Solution: use Materialized Views

Materialized Views (a.k.a. Snapshots) are actually tables that are maintained by Oracle, whose contents correspond to the result of a query – i.e. like a view, but “materialized” because the result is actually stored in a table.

These provide the mechanism we need to implement the complex constraint as follows:
  • Create a materialized view to select data that violates the desired constraint (e.g. assignments where the dates are outside the associated project dates). The MV must be defined with REFRESH COMPLETE ON COMMIT so that it is updated before the end of the transaction.
  • Create a check constraint on the materialized view that always evaluates to FALSE – e.g. CHECK (1=0)
That’s it. Whenever the underlying tables are updated, the materialized view is refreshed. If the update violates the rule, then a row will be inserted into the materialized view; but the check constraint on the MV disallows any inserts into it, and so the transaction fails.

Issues
  • Oracle 8i cannot support REFRESH ON COMMIT on materialized views of the complexity required for some rules. 9i can handle some but not all (does not allow self-joins in MVs).. 10G can handle self-joins, but does not seem to allow subqueries. So this approach cannot be used for all rules.
  • Efficiency: needs to be benchmarked. Is a FAST refresh preferable to a COMPLETE refresh? With COMPLETE we have a query that looks at all rows of the MV’s base tables at the end of every transaction that affects those tables.
  • Cannot create a REFRESH ON COMMIT materialized view with a HAVING clause. For such cases (see example 3 below), the materialized view cannot include the constraint violation (e.g. HAVING COUNT(*) > 10), and so the check constraint must do it (e.g. CHECK (cnt <= 10)). Note that in this case the materialized view will consume space in the database.
Worked Examples

Based on the following tables:

create table project
( projno int primary key
, start_date date not null
, end_date date not null
);
create table emp_proj_assign
( empno int not null
, projno int not null
, start_date date not null
, end_date date not null
, primary key (empno, start_date)
);

1) Rule: An employee cannot have overlapping project assignments.

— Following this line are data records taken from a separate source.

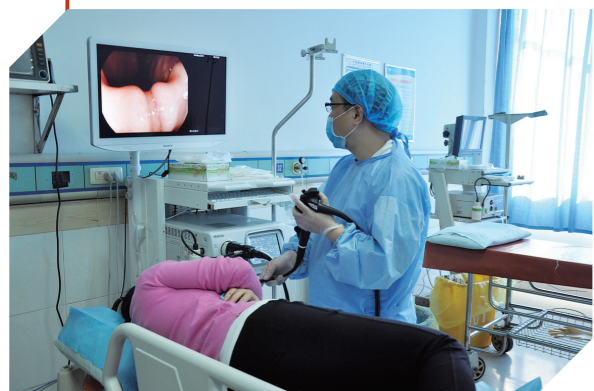
潘太克斯电子胃肠镜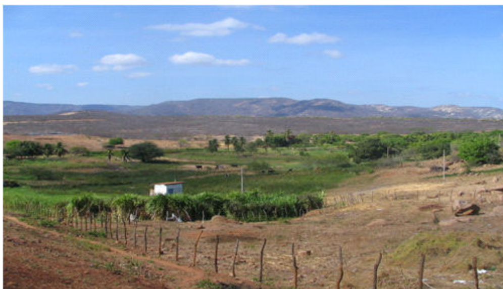
Figura 8 - Planície Fluvial ocupada por cultura de vazante, proximidades da cidade de Riacho da Cruz. (novembro 2005).

As fragilidades ambientais nesta paisagem estão representadas pelo forte assoreamento do canal fluvial Apodi-Mossoró, e de seu afluente principal o rio do Carmo, inundações de suas várzeas nas áreas urbanizadas, remoção da cobertura vegetal, poluição das águas por esgotos doméstico e industrial, erosão marginal de suas barrancas, alteração do leito maior e menor e captação de água sem fiscalização.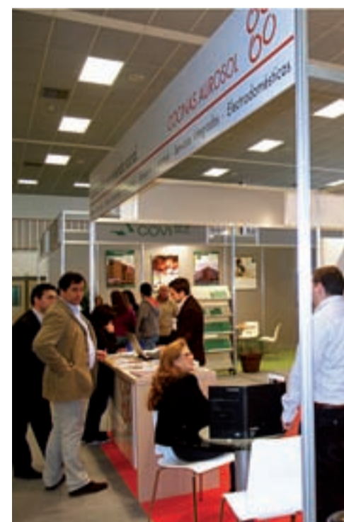
Los muebles de cocina de Aurosol también tuvieron su sitio.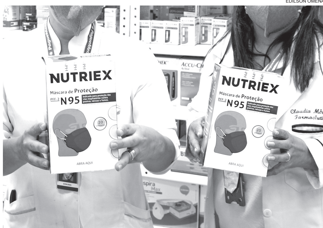
Antes da pandemia, máscaras N95 e PFF2 custavam entre R$ 6 e R$ 8, agora estão entre R$ 25 e R$ 45

No local, além das máscaras cirúrgicas e a máscara n95, é possível o cliente encontrar as máscaras em tricoline e 100% algodão, TNT e viseira de acetato. Vale ressaltar que as duas primeiras não têm em pronta entrega. Ainda, segundo informações repassadas pelo marketing, a procura aumentou consideravelmente. E no estabelecimento, não há limite de vendas por pessoa, o cliente pode comprar quantas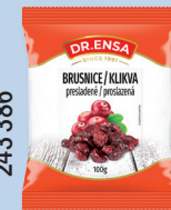
BRUSNICE SUŠENÉ 100 G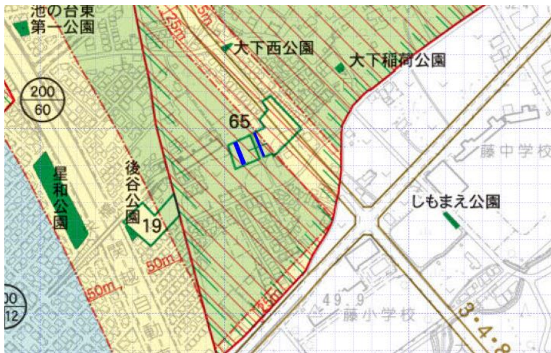
青：開発行為に伴う道路が設置された生産緑地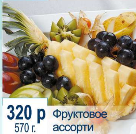
320 р 570 г. Фруктовое ассорти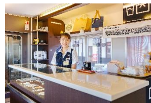
ご当地のいいものを集めた 車内販売カウンター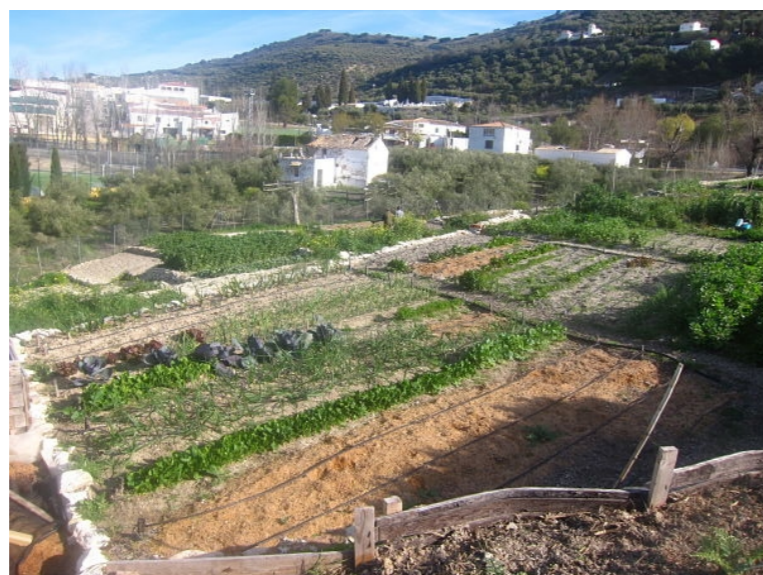
Huertos sociales en la provincia de Córdoba.

La Diputación de Córdoba, a través de su Centro Agropecuario Provincial, viene trabajando desde hace tiempo en la conservación y mantenimiento del material genético vegetal propio de la provincia y en la diversificación productiva mediante el fomento del cultivo de variedades hortícolas autóctonas. Además, esta línea de actuación, desde el año 2012, se ha visto complementada, como consecuencia de la demanda por parte de los distintos ayuntamientos, con el impulso para la implantación en los municipios de la provincia de huertos urbanos con fines sociales, educativos, productivos y medio ambientales.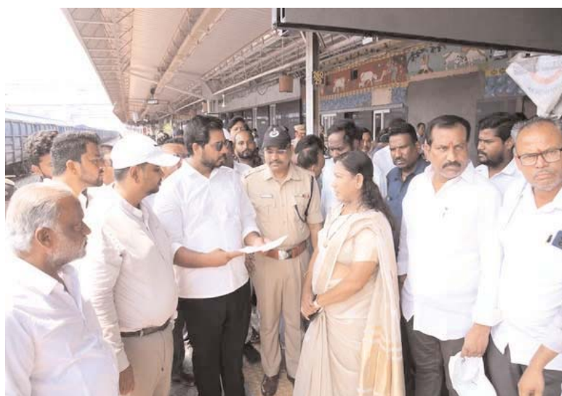
సమస్యలను వెంటనే పరిష్కరించే విధంగా అధికారులను స్పందించాలని, ప్రజలకు ఎలాంటి ఇబ్బందులు లేకుండా సేవలు అందించాలని ఆదేశించారు. ఈ కార్యక్రమంలో జిల్లా కలెక్టర్, డీసీపీ, ప్రజాప్రతినిధులు, కార్యకర్తలు పాల్గొన్నారు.

మంచుర్యాల పెద్దపల్లి పార్లమెంట్ సభ్యుడు గడ్డం వంశీకృష్ణ మంగళవారం మంచుర్యాల రైల్వే స్టేషన్ ను సందర్శించి, అమ్మత్ భారత్ స్టేషన్ పథకం కింద జరుగుతున్న అభివృద్ధి పనులను సవివరంగా పరిశీలించారు. పనుల నాణ్యతపై ఎలాంటి రాజీ ఉండకూడదని స్పష్టం చేస్తూ, ప్రతి పని సమయానికి పూర్తి కావాలని అధికారులను ఆదేశించారు. ప్రయాణికులకు సురక్షితమైన, ఆధునిక సౌకర్యాలు అందించడమే ప్రధాన లక్ష్యమని పేర్కొన్నారు. స్టేషన్ పరిసరాల పరిశుభ్రత, తాగునీరు, కూర్చునే సదుపాయాలు, లైటింగ్, పార్కింగ్ వంటి అంశాలపై ప్రత్యేక దృష్టి సారించాలని సూచించారు. అదనంగా, వృద్ధులు, మహిళలు, దివ్యాంగుల కోసం ప్రత్యేక సౌకర్యాలు కల్పించాలన్నారు. ప్రయాణికుల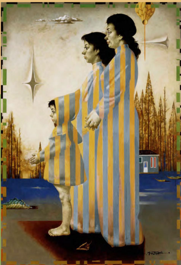
松樹路人《から松のなかに》1995年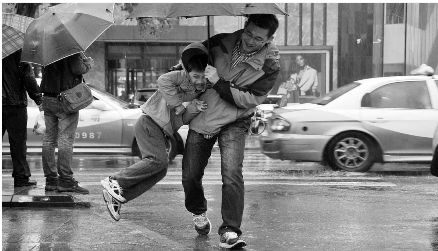
27日,久违的雨水终于来到港城,为了让孩子的鞋不沾水,一位家长抱着孩子从雨中通过。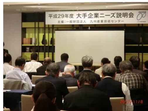
【セミナー・ニーズ発表会開催風景】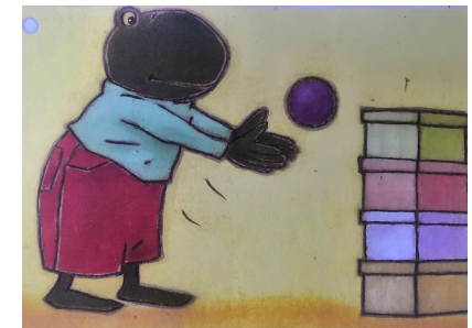
Met een bal omver gooien

This is implemented as follows:

create materialized view emp_proj_mv1
refresh complete on commit as
select 1 dummy
from emp_proj_assign ep1, emp_proj_assign ep2
where ep1.empno = ep2.empno
and ep1.start_date <= ep2.end_date
and ep1.end_date >= ep2.start_date;


alter table emp_proj_mv1
add constraint emp_proj_mv1_chk
check (1=0) deferrable;

2) An employee's project assignment dates must fall between the project start
and end dates

create materialized view emp_proj_mv2
refresh complete on commit as
select 1 dummy
from emp_proj_assign ep, project p
where ep.projno = p.projno
and (ep.start_date <> p.end_date);
alter table emp_proj_mv2
add constraint emp_proj_mv2_chk
check (1=0) deferrable;

3) A project may not have more than 10 assignments (in total, ever!):

create materialized view emp_proj_mv3
build immediate
refresh complete on commit as
select projno, count(*) cnt
from emp_proj_assign
group by projno;
alter table emp_proj_mv3
add constraint emp_proj_mv3_chk
check (cnt <= 10)
deferrable;

4) A project cannot have more than 10 employees assigned at the same time.

(I have not yet worked this one out!)